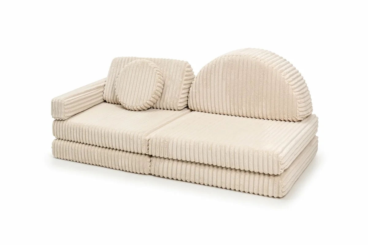 De Shappy Schommel in de kleur Cream Beige, gemaakt van zachte wafel Ribstof, is de ideale toevoeging om de speeltijd van je kind naar een hoger niveau te tillen! Deze schommel biedt eindeloze mogelijkheden voor creatief spel en nieuwe avonturen. Of je kleintje nu wil schommelen, een brug wil bouwen of de perfecte poef wil maken, de Shappy Rocker maakt het mogelijk. Het handige handvat zorgt voor extra schommelplezier.
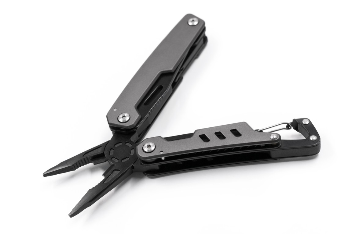 3CR13 combo knife, and comes with utilities for various crafts such as pliers, a saw,
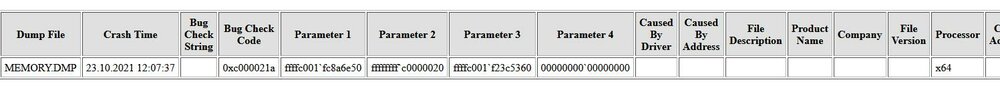 Hallo, heute hat mich ein Kunde angerufen, der mit seinem Server ein Problem hat. Lt. seiner Aussage hat er seinen Server gestern Abend neu gestartet . Nun bricht der Start mit dem Fehler 0xc000021a ab (egal in welchem Modus). Von der Original-DVD kann ich starten und dann auch über die Eingabeaufforderung auf die Datenträger zugreifen. Ich hab auch schon mehrere Lösungsansätze getestet, aber leider ohne Erfolg. Ich hab auch schon auf einer anderen Festplatte eine Sicherung, die gestern Abend erstellt wurde (mit dem Windows-eigenen Backuptool) wiederhergestellt. Auch hier wieder der genannte Fehler. Der Server wurde zuletzt vor ca. 2-3 Wochen neu gestartet, ohne Probleme. Das System ist ein Asus Serverboard mit XEON CPU. Das System ist auf einem RAID1 installiert, das über den onboard Intel-Controller konfiguriert wurde. Das System wurde im BIOS-Modus installiert (erkennbar über den Eintrag winload.exe in bcdedit). Was könnte die Ursache für dieses Problem sein? Evtl. ein Windows-Update, das seitdem letzten Neustart installiert und jetzt erst aktiviert wurde? Wenn ja, wie kann ich das wieder deinstallieren? Gibt es ein Logfile, das evtl. Informationen über den Fehler enthält, ein Minidump-File existiert nicht, das Memory.DMP hab ich mit Bluescreenview ausgelesen (Screenshot dazu anbei). Hat jemand eine Idee? Viele Grüße ag1 -
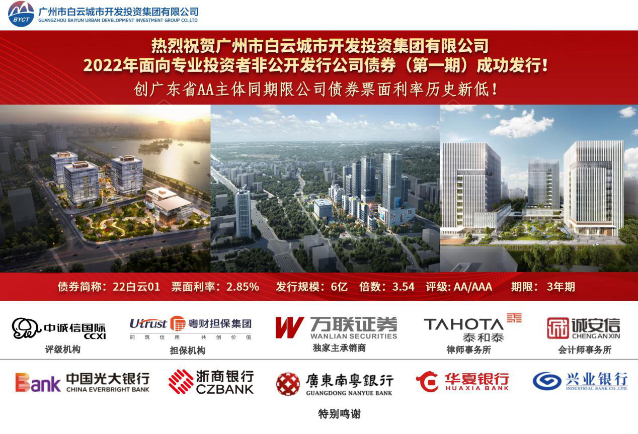 近日,由广州金控集团下属万联证券担任独家主承销商和簿记管理人的“广州市白云城市开发投资集团有限公司2022年面向专业投资者非公开发行公司债券(第一期)”在深圳证券交易所成功发行。本期债券发行规模6亿元,债券期限3年,发行人主体评级AA,债项评级AAA,发行利率2.85%,创广东省AA主体同期限公司债券历史新低,认购倍数达3.54倍。
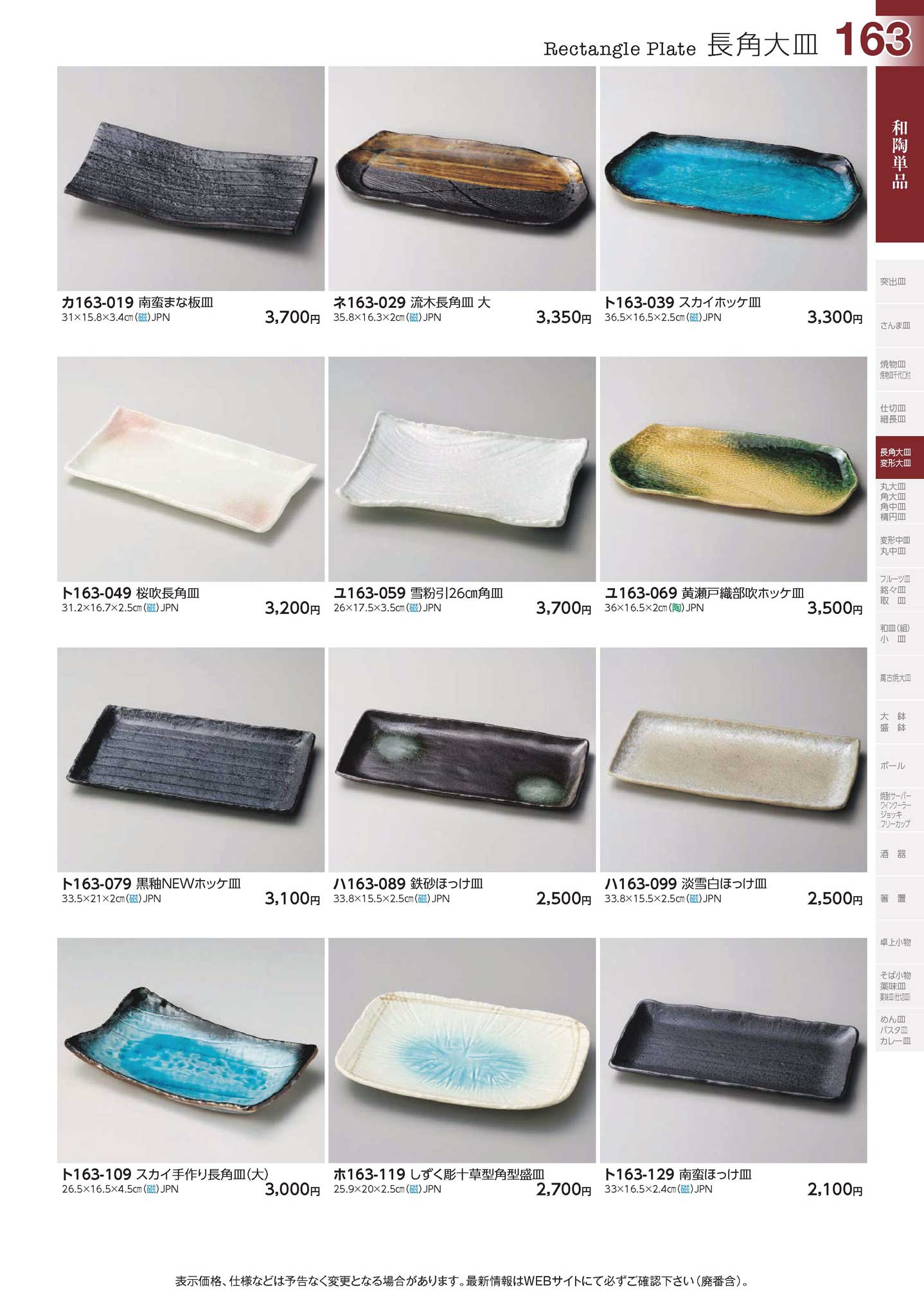 スカイ手作り長角皿(大)(商品番号ト163-109)

PROBLEM DESCRIPTION: Type the entries above out again exactly, with no pictures.

RESPONSE TO THIS TASK:
 De Shappy Schommel in de kleur Cream Beige, gemaakt van zachte wafel Ribstof, is de ideale toevoeging om de speeltijd van je kind naar een hoger niveau te tillen! Deze schommel biedt eindeloze mogelijkheden voor creatief spel en nieuwe avonturen. Of je kleintje nu wil schommelen, een brug wil bouwen of de perfecte poef wil maken, de Shappy Rocker maakt het mogelijk. Het handige handvat zorgt voor extra schommelplezier.
 3CR13 combo knife, and comes with utilities for various crafts such as pliers, a saw,
 Hallo, heute hat mich ein Kunde angerufen, der mit seinem Server ein Problem hat. Lt. seiner Aussage hat er seinen Server gestern Abend neu gestartet . Nun bricht der Start mit dem Fehler 0xc000021a ab (egal in welchem Modus). Von der Original-DVD kann ich starten und dann auch über die Eingabeaufforderung auf die Datenträger zugreifen. Ich hab auch schon mehrere Lösungsansätze getestet, aber leider ohne Erfolg. Ich hab auch schon auf einer anderen Festplatte eine Sicherung, die gestern Abend erstellt wurde (mit dem Windows-eigenen Backuptool) wiederhergestellt. Auch hier wieder der genannte Fehler. Der Server wurde zuletzt vor ca. 2-3 Wochen neu gestartet, ohne Probleme. Das System ist ein Asus Serverboard mit XEON CPU. Das System ist auf einem RAID1 installiert, das über den onboard Intel-Controller konfiguriert wurde. Das System wurde im BIOS-Modus installiert (erkennbar über den Eintrag winload.exe in bcdedit). Was könnte die Ursache für dieses Problem sein? Evtl. ein Windows-Update, das seitdem letzten Neustart installiert und jetzt erst aktiviert wurde? Wenn ja, wie kann ich das wieder deinstallieren? Gibt es ein Logfile, das evtl. Informationen über den Fehler enthält, ein Minidump-File existiert nicht, das Memory.DMP hab ich mit Bluescreenview ausgelesen (Screenshot dazu anbei). Hat jemand eine Idee? Viele Grüße ag1 -
 近日,由广州金控集团下属万联证券担任独家主承销商和簿记管理人的“广州市白云城市开发投资集团有限公司2022年面向专业投资者非公开发行公司债券(第一期)”在深圳证券交易所成功发行。本期债券发行规模6亿元,债券期限3年,发行人主体评级AA,债项评级AAA,发行利率2.85%,创广东省AA主体同期限公司债券历史新低,认购倍数达3.54倍。
 スカイ手作り長角皿(大)(商品番号ト163-109)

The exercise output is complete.